══ Material provided ══

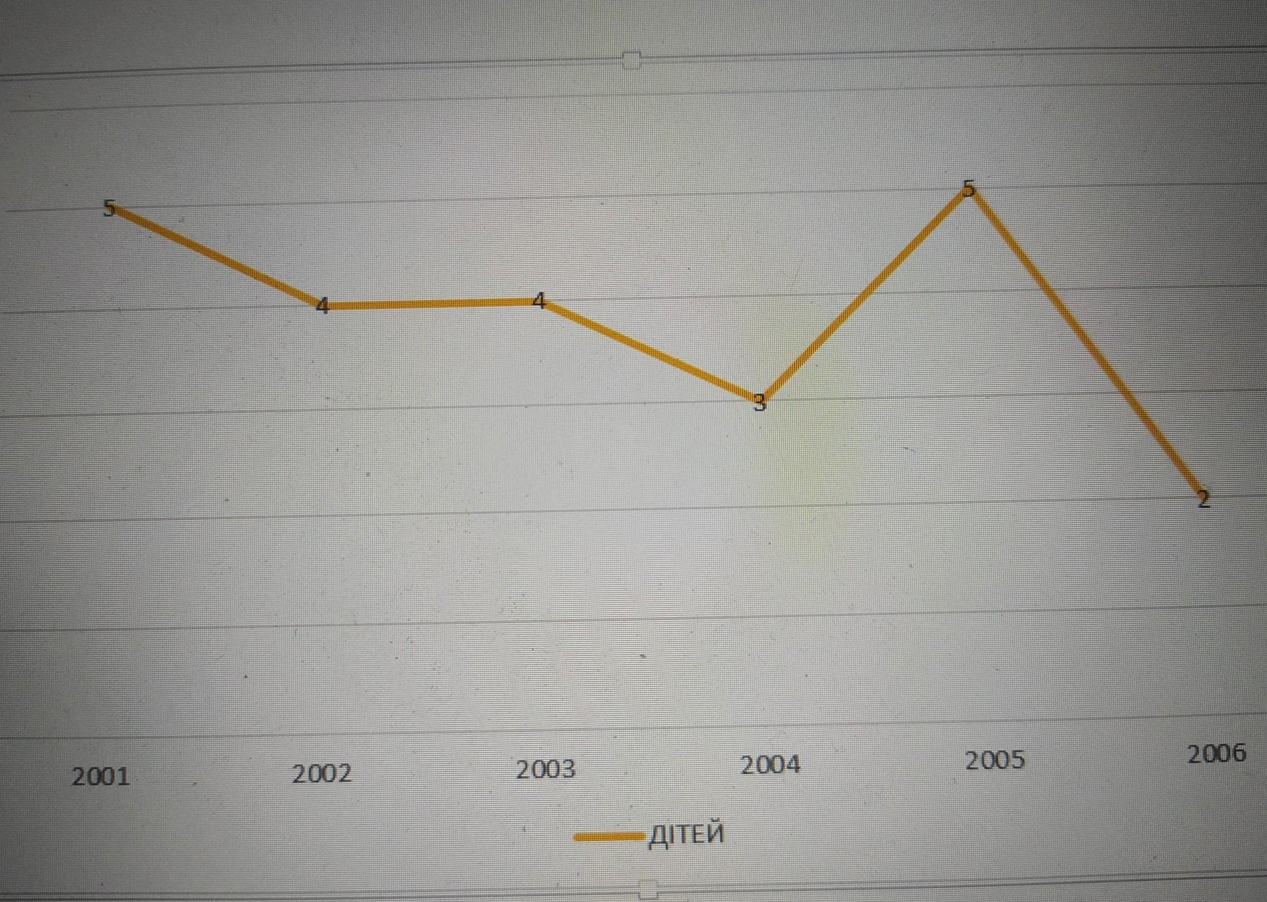 У танцювальному колективі 5 дітей 2001 року народження 4—2002,4—2003,3—2004,5-2005,2-2006. Подайте ці дані у вигляді : діаграми графіка
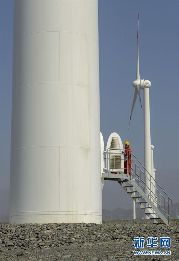 在新疆烏魯木齊達坂城風力發(fā)電場,工作人員查看風力發(fā)電設(shè)備(2018年9月18日攝)。今年以來,新疆穩(wěn)步推進新能源參與“疆電外送”、擴大與燃煤自備電廠調(diào)峰替代交易等多種電力交易方式,著力破解“綠色電力”上網(wǎng)難題,新能源發(fā)電量同比增加近13個百分點,而棄電量和棄電比實現(xiàn)“雙降”,綠色發(fā)展理念進一步落實。新疆是我國重要的能源供應(yīng)和儲備基地,風能、太陽能儲量豐富。近年來,新疆新能源裝機總量突破2700萬千瓦,規(guī)模和占比均居全國前列。新華社記者 趙戈 攝
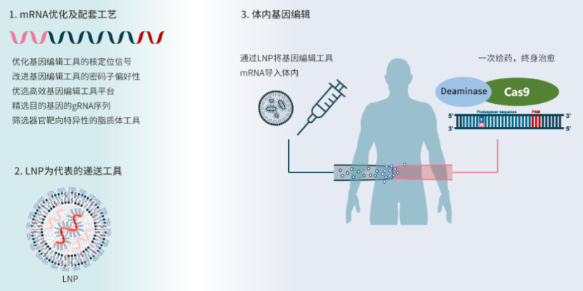 公司着重发展以碱基编辑为代表的新一代基因编辑工具,通过多样的基因编辑策略选择,全面实现基因删除、替换、插入等多种功能,并通过高通量的全新编辑工具挖掘和高通量分子进化平台,实现基因编辑工具的快速迭代,提高基因编辑效率以及安全性;并持续研发可获得自主产权的多种脂质体材料,丰富靶向肝脏及其他组织器官的递送载体。mRNA-LNP为主的体内递送非常适合基因编辑工具的瞬时表达,可在实现高效基因编辑的同时,有效减少脱靶风险。

═══

What to do ▸
Exclude every picture, then reproduce the remaining data character for character.

Result ▸
 У танцювальному колективі 5 дітей 2001 року народження 4—2002,4—2003,3—2004,5-2005,2-2006. Подайте ці дані у вигляді : діаграми графіка
 在新疆烏魯木齊達坂城風力發(fā)電場,工作人員查看風力發(fā)電設(shè)備(2018年9月18日攝)。今年以來,新疆穩(wěn)步推進新能源參與“疆電外送”、擴大與燃煤自備電廠調(diào)峰替代交易等多種電力交易方式,著力破解“綠色電力”上網(wǎng)難題,新能源發(fā)電量同比增加近13個百分點,而棄電量和棄電比實現(xiàn)“雙降”,綠色發(fā)展理念進一步落實。新疆是我國重要的能源供應(yīng)和儲備基地,風能、太陽能儲量豐富。近年來,新疆新能源裝機總量突破2700萬千瓦,規(guī)模和占比均居全國前列。新華社記者 趙戈 攝
 公司着重发展以碱基编辑为代表的新一代基因编辑工具,通过多样的基因编辑策略选择,全面实现基因删除、替换、插入等多种功能,并通过高通量的全新编辑工具挖掘和高通量分子进化平台,实现基因编辑工具的快速迭代,提高基因编辑效率以及安全性;并持续研发可获得自主产权的多种脂质体材料,丰富靶向肝脏及其他组织器官的递送载体。mRNA-LNP为主的体内递送非常适合基因编辑工具的瞬时表达,可在实现高效基因编辑的同时,有效减少脱靶风险。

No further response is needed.